What you have to do: Across the whole listing, filter for the string "France" and copy every line that has it.

Given entries:
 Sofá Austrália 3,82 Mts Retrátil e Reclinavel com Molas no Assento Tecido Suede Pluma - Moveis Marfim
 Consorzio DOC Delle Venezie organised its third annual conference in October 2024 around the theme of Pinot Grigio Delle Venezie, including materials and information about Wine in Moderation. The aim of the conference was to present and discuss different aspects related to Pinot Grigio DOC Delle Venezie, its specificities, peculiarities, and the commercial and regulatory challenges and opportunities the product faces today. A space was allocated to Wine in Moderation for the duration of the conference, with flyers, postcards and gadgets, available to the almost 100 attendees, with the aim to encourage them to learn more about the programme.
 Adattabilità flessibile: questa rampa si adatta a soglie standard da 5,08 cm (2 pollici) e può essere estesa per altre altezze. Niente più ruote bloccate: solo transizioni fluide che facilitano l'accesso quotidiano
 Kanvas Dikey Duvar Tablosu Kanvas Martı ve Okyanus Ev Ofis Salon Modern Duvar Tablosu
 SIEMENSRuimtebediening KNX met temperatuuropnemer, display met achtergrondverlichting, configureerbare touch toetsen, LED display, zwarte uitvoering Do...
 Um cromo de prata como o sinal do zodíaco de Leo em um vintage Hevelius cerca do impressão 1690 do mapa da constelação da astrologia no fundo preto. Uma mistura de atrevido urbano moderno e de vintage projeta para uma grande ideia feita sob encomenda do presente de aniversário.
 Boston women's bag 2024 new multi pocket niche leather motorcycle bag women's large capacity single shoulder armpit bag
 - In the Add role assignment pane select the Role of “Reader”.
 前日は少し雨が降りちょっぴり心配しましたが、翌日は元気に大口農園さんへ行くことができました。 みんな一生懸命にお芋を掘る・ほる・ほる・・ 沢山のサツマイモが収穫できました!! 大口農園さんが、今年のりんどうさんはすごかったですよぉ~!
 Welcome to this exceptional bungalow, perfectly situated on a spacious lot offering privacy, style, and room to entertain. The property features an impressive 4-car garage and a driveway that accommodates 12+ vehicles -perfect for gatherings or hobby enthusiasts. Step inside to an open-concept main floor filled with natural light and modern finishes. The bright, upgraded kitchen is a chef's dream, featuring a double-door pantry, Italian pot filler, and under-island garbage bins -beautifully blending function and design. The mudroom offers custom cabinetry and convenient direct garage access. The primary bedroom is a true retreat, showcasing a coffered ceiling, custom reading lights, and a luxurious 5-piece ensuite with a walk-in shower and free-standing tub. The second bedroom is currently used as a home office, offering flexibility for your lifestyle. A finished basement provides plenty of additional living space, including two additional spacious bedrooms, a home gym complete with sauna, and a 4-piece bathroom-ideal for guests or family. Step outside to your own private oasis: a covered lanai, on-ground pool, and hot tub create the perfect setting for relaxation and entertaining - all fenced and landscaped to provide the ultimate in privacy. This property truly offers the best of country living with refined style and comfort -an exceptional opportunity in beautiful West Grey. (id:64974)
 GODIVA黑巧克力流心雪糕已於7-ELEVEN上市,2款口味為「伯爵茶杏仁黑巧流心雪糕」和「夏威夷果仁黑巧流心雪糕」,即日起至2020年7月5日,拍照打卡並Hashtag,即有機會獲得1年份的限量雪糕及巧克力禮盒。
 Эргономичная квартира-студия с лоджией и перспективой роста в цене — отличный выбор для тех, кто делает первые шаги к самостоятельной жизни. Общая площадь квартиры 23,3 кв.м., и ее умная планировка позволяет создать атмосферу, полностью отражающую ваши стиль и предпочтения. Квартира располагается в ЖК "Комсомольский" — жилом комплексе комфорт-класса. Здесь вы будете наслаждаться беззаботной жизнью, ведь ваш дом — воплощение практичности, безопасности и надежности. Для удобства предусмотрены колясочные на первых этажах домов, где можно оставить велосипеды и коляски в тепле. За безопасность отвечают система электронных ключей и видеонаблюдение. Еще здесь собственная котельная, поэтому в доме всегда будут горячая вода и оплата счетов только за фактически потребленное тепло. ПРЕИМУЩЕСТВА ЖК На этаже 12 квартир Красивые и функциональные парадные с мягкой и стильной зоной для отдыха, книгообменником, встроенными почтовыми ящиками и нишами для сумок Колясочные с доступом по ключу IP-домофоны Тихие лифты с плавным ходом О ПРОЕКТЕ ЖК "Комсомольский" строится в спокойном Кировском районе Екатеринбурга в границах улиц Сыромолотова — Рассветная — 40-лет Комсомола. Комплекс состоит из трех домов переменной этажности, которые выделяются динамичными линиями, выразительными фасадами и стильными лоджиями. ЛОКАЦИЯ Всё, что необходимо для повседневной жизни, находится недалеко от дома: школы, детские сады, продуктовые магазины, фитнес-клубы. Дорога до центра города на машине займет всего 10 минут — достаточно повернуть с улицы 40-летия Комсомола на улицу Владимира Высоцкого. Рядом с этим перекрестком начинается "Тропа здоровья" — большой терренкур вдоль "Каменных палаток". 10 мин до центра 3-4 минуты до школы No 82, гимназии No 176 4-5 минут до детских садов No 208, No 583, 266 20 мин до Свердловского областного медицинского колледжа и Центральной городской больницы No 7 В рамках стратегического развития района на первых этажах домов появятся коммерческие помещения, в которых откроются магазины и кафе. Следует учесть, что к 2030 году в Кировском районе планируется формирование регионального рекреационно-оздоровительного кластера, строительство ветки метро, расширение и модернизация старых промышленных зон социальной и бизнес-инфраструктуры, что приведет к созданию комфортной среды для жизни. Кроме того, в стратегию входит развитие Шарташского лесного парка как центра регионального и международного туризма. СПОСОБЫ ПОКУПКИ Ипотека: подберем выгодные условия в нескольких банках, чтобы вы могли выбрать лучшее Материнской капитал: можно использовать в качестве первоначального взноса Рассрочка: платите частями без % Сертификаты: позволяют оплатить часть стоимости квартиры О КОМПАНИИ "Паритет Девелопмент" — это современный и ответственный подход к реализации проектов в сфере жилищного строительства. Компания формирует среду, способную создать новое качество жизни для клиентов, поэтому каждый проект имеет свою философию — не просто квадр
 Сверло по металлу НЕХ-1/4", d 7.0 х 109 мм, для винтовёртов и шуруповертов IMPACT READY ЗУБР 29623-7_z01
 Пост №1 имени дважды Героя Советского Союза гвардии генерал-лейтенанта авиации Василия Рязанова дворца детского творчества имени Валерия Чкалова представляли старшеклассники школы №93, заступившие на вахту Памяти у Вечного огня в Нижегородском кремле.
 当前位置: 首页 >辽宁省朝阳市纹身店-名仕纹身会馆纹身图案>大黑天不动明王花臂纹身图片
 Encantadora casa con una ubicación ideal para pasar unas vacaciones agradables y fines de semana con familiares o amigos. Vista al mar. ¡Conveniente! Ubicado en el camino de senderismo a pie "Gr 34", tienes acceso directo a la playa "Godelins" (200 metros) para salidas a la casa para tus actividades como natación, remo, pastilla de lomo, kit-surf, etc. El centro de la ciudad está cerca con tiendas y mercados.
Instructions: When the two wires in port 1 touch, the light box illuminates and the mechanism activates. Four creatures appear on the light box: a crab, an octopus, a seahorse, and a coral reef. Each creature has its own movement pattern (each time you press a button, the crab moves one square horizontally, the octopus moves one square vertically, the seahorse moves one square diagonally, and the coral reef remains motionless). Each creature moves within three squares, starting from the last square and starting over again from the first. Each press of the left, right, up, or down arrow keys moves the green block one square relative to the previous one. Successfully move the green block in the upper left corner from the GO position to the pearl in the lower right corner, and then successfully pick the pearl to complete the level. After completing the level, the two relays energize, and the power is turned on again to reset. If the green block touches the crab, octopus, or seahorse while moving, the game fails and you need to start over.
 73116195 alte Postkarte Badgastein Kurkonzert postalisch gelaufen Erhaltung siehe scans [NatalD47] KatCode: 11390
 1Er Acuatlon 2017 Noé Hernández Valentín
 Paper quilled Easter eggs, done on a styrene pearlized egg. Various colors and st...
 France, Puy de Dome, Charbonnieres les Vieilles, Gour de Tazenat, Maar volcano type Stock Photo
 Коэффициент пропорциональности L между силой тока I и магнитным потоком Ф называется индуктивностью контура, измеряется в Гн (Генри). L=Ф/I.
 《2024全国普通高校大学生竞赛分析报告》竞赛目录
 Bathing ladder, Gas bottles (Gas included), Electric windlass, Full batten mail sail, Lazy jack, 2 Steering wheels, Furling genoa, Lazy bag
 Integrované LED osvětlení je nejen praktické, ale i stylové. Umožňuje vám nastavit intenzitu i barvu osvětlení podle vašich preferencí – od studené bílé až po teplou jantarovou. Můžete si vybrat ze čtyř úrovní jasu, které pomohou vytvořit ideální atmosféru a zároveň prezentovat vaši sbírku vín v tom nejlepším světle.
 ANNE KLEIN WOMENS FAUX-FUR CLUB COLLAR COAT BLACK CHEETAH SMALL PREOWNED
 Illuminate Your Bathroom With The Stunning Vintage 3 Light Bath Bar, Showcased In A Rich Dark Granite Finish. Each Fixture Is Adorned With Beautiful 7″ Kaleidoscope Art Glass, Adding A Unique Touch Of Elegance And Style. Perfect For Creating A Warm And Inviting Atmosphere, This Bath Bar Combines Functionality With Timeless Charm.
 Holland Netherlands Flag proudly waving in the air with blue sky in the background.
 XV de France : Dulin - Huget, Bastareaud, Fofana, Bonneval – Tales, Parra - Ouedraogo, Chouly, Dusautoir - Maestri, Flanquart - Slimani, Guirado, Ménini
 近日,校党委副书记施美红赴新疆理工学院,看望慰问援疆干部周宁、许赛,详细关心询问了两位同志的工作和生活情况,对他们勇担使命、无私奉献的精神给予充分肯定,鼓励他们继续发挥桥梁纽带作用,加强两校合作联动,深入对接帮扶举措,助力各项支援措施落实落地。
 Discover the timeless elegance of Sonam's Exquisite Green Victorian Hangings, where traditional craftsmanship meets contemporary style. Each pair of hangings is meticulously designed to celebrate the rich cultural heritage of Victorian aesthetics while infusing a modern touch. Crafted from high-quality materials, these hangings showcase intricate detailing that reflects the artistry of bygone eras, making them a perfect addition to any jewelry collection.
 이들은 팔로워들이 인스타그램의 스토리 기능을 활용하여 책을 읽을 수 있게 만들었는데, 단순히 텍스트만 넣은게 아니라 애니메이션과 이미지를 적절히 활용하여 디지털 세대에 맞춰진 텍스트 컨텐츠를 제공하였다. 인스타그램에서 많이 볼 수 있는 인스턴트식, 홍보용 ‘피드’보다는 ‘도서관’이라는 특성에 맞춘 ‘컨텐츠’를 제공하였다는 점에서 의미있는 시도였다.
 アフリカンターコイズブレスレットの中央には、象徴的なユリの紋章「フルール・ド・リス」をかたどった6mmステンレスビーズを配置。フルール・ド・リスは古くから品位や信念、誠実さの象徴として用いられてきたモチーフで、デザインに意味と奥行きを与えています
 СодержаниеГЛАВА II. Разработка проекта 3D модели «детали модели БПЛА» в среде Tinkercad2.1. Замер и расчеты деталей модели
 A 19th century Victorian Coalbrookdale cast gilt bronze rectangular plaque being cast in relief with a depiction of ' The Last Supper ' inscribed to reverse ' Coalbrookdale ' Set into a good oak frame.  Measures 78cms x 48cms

Solution to the exercise:
 France, Puy de Dome, Charbonnieres les Vieilles, Gour de Tazenat, Maar volcano type Stock Photo
 XV de France : Dulin - Huget, Bastareaud, Fofana, Bonneval – Tales, Parra - Ouedraogo, Chouly, Dusautoir - Maestri, Flanquart - Slimani, Guirado, Ménini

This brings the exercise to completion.